基金supported by the National Natural Science Foundation of China(Nos.81330089,30925042,and 81274165)the State Key Program for New Drugs from the Ministry of Science and Technology,China(No.2012ZX09301001-003)the Science and Technology Commission of Shanghai Municipality(Nos.10XD1405900 and 12JC1400800)

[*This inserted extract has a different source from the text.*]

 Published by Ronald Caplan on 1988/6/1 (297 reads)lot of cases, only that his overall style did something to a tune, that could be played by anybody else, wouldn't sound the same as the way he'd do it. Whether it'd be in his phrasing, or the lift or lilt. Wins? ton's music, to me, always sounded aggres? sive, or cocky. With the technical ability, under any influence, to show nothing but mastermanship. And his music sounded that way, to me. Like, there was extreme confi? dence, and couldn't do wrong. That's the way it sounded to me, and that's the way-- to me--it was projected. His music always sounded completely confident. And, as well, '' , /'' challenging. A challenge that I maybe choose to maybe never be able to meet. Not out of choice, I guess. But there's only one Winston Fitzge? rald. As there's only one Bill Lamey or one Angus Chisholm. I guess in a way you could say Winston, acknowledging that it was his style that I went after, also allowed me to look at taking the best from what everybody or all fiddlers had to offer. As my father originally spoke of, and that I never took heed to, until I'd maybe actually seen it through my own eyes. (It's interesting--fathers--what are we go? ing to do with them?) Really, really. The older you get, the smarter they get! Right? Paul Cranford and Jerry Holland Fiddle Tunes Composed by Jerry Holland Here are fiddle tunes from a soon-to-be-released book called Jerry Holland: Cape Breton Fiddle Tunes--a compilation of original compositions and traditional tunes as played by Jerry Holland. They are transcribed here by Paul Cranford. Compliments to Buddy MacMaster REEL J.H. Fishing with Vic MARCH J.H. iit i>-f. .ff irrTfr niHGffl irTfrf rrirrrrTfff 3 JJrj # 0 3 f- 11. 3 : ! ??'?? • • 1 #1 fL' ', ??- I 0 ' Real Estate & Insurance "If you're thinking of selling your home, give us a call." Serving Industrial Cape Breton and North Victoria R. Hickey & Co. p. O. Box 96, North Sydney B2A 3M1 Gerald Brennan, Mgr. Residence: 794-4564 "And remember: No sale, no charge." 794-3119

文摘Lipopolysaccharides(LPS) contamination in herbal crude polysaccharides is inevitable. The present study was performed to explore the effect of polymyxin B on abolishing the influence of LPS contamination in mononuclear cells. LPS was pretreated with polymyxin B sulfate(PB) at different concentrations for 1, 5 or 24 h, and then used to stimulate RAW264.7 and mouse peritoneal macrophages(MPMs). The nitric oxide(NO) and tumor necrosis factor-α(TNF-α) in cell culture supernatant, as the indications of cell response, were assayed. Bupleurum chinensis polysaccharides(BCPs) with trace amount contamination of LPS was treated with PB. 30 μg·mL^(–1) of PB, treating LPS(10 and 1000 ng·mL^(–1) in stimulating RAW264.7 and MPMs respectively) at 37 ℃ for 24 h, successfully abolished the stimulating effect of LPS on the cells. When the cells were stimulated with LPS, BCPs further promoted NO production. However, pretreated with PB, BCPs showed a suppression of NO production in MPMs and no change in RAW264.7. In the in vitro experiments, LPS contamination in polysaccharide might bring a great interference in assessing the activity of drug. Pretreatment with PB(30 μg·mL^(–1)) at 37 °C for 24 h was sufficient to abolish the effects of LPS contamination(10 and 1 000 ng·mL^(–1)).